_ASSIGNMENT_: Every line below from the one with "note: non-smoking house." through the one with "Wooden Double Layer" is to be repeated exactly, with no picture among them.

Stored items from a collection:
---

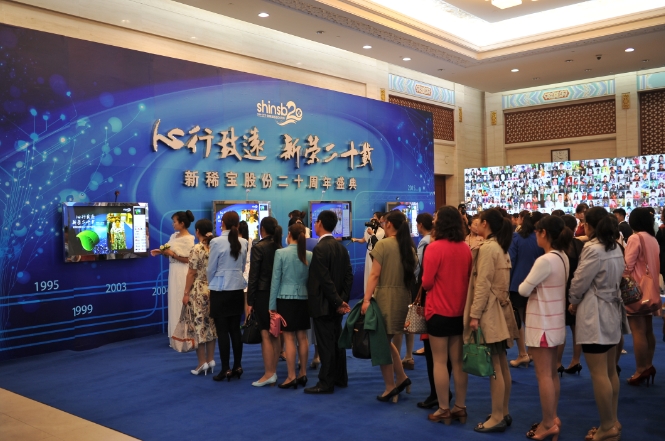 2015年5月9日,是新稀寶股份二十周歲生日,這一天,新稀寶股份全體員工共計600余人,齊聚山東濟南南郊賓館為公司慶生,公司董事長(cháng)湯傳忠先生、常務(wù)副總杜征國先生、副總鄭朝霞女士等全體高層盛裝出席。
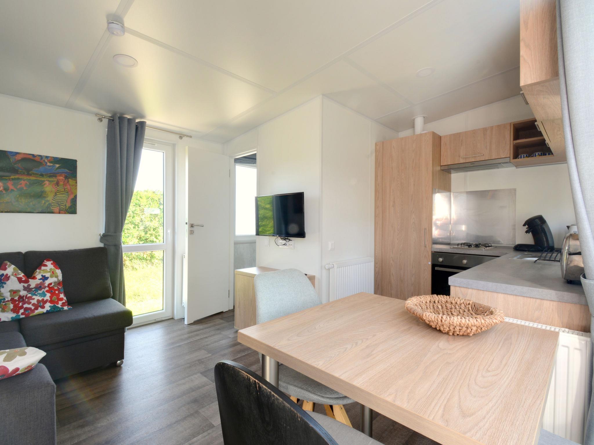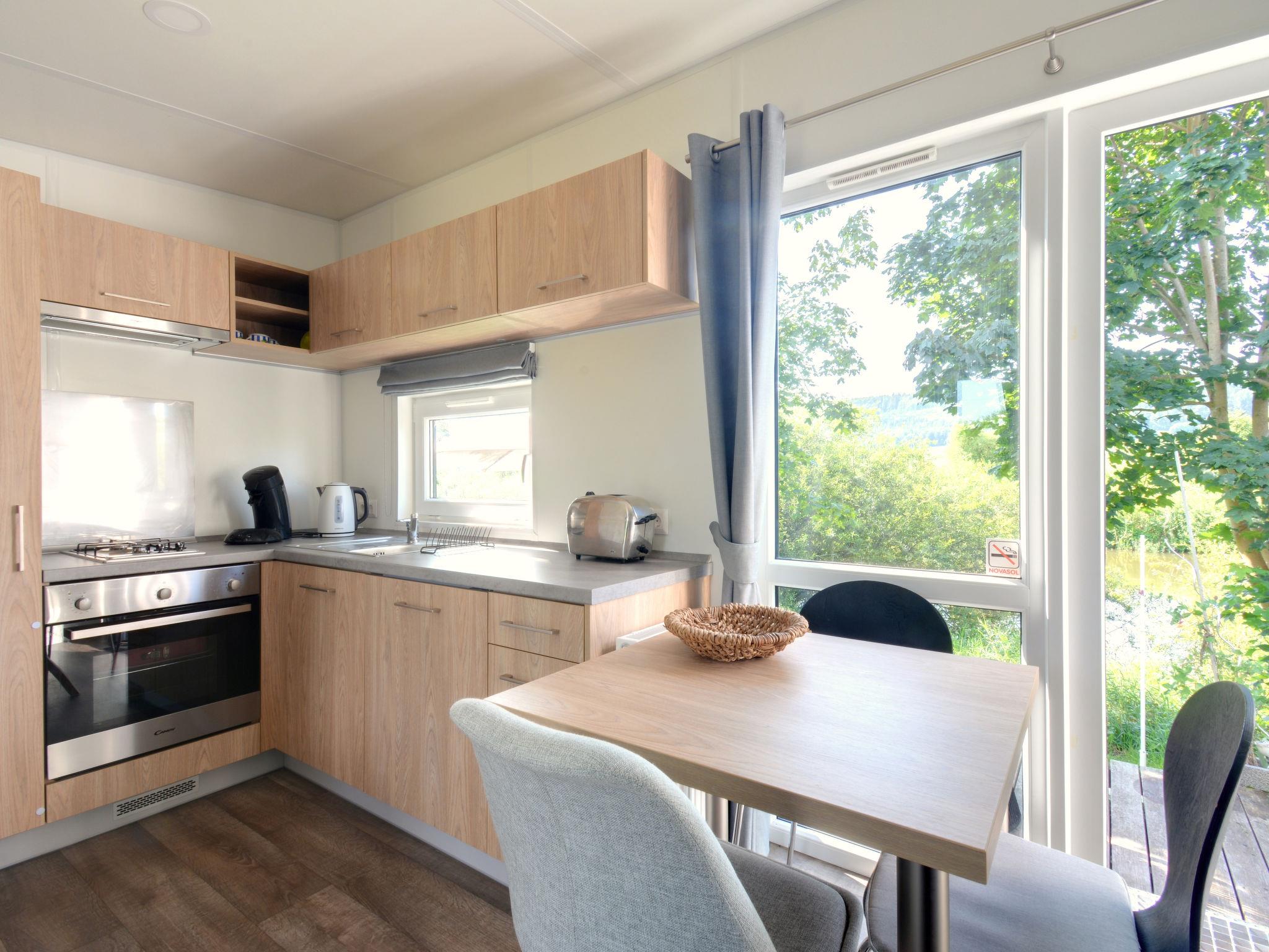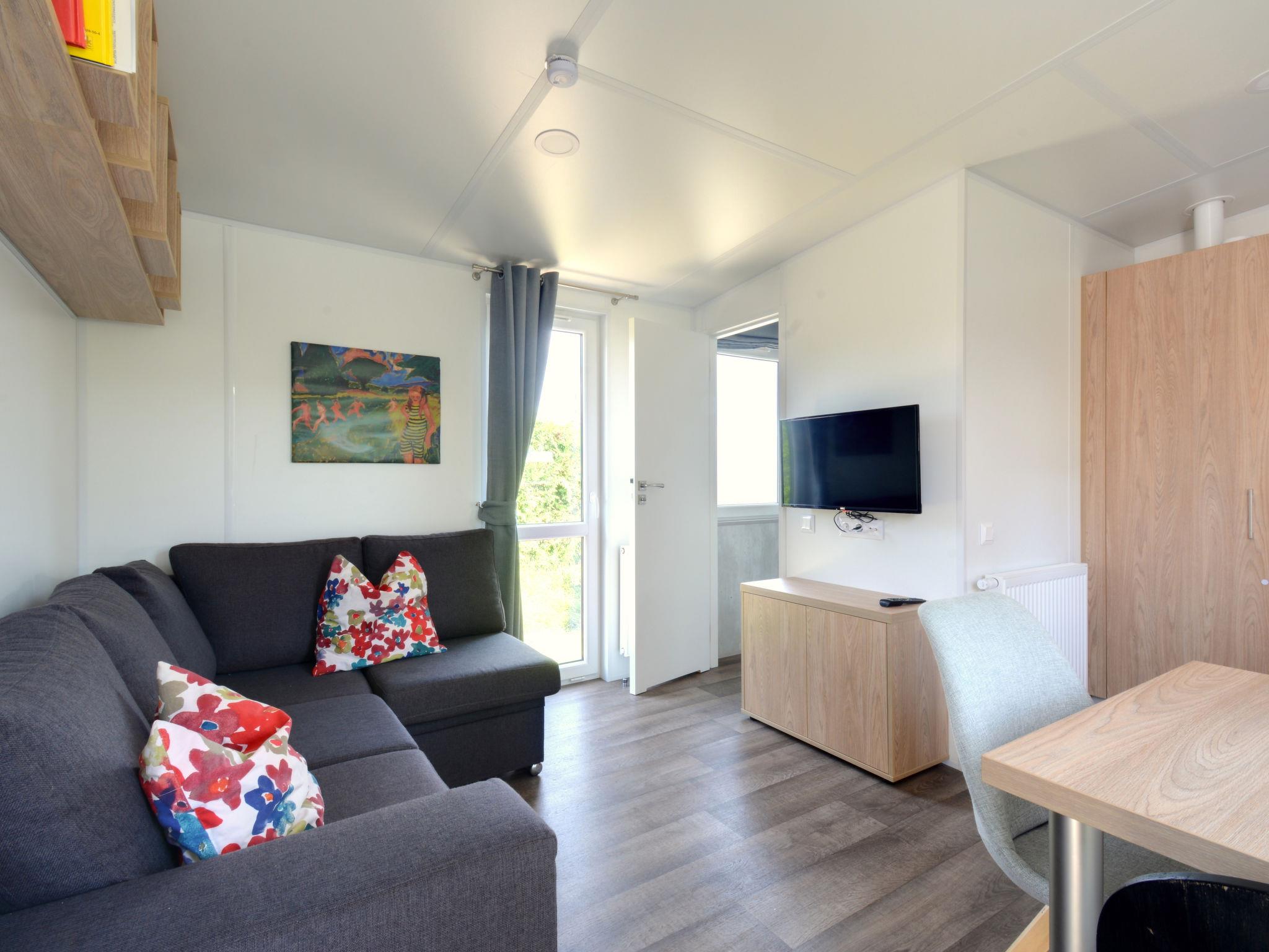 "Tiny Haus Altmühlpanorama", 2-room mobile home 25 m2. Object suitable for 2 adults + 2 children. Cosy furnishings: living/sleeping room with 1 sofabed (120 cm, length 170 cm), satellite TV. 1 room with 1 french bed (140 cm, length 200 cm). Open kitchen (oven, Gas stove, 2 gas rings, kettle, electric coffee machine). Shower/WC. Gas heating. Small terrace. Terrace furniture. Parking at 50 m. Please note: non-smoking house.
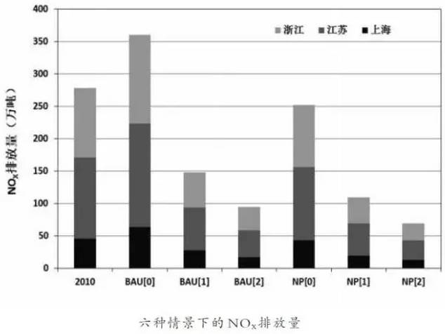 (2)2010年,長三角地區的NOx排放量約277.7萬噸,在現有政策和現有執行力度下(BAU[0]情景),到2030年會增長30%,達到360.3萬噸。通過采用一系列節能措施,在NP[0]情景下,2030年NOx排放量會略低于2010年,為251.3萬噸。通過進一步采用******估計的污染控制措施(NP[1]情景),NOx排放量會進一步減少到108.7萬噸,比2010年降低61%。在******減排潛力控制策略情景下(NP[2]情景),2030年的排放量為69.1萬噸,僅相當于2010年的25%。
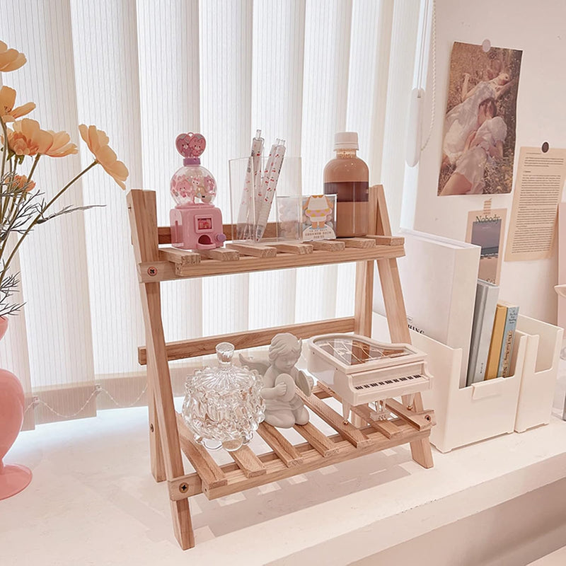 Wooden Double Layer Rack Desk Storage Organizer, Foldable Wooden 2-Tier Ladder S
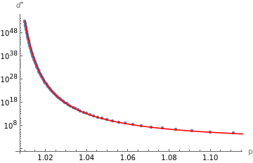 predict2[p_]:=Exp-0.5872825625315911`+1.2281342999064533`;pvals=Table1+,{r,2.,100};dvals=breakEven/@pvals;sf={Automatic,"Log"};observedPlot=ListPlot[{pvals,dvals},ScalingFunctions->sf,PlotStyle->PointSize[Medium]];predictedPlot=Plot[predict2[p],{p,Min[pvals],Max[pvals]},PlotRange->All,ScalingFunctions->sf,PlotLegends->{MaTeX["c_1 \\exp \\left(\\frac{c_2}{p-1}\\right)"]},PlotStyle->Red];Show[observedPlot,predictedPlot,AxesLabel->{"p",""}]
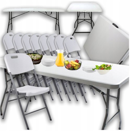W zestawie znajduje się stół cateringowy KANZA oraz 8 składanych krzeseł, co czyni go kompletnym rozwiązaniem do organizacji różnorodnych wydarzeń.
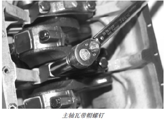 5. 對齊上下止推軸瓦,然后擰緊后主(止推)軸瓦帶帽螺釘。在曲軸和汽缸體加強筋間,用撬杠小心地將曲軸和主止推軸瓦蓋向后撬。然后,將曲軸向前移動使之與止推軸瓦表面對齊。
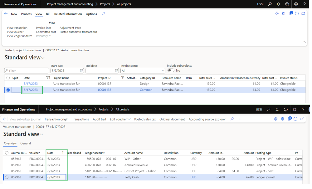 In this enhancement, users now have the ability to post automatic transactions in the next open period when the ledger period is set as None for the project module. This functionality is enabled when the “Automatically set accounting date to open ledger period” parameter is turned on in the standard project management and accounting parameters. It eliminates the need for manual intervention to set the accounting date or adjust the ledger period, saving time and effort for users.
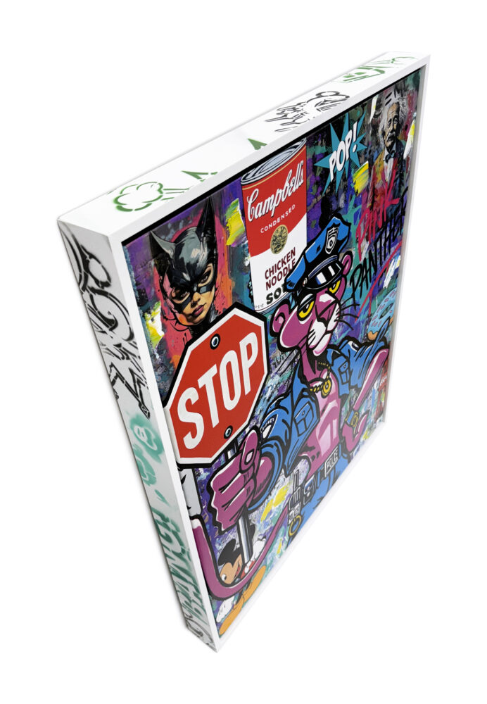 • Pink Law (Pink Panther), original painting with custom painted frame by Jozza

---

_SOLUTION FOR THIS TASK_:
 "Tiny Haus Altmühlpanorama", 2-room mobile home 25 m2. Object suitable for 2 adults + 2 children. Cosy furnishings: living/sleeping room with 1 sofabed (120 cm, length 170 cm), satellite TV. 1 room with 1 french bed (140 cm, length 200 cm). Open kitchen (oven, Gas stove, 2 gas rings, kettle, electric coffee machine). Shower/WC. Gas heating. Small terrace. Terrace furniture. Parking at 50 m. Please note: non-smoking house.
 (2)2010年,長三角地區的NOx排放量約277.7萬噸,在現有政策和現有執行力度下(BAU[0]情景),到2030年會增長30%,達到360.3萬噸。通過采用一系列節能措施,在NP[0]情景下,2030年NOx排放量會略低于2010年,為251.3萬噸。通過進一步采用******估計的污染控制措施(NP[1]情景),NOx排放量會進一步減少到108.7萬噸,比2010年降低61%。在******減排潛力控制策略情景下(NP[2]情景),2030年的排放量為69.1萬噸,僅相當于2010年的25%。
 Wooden Double Layer Rack Desk Storage Organizer, Foldable Wooden 2-Tier Ladder S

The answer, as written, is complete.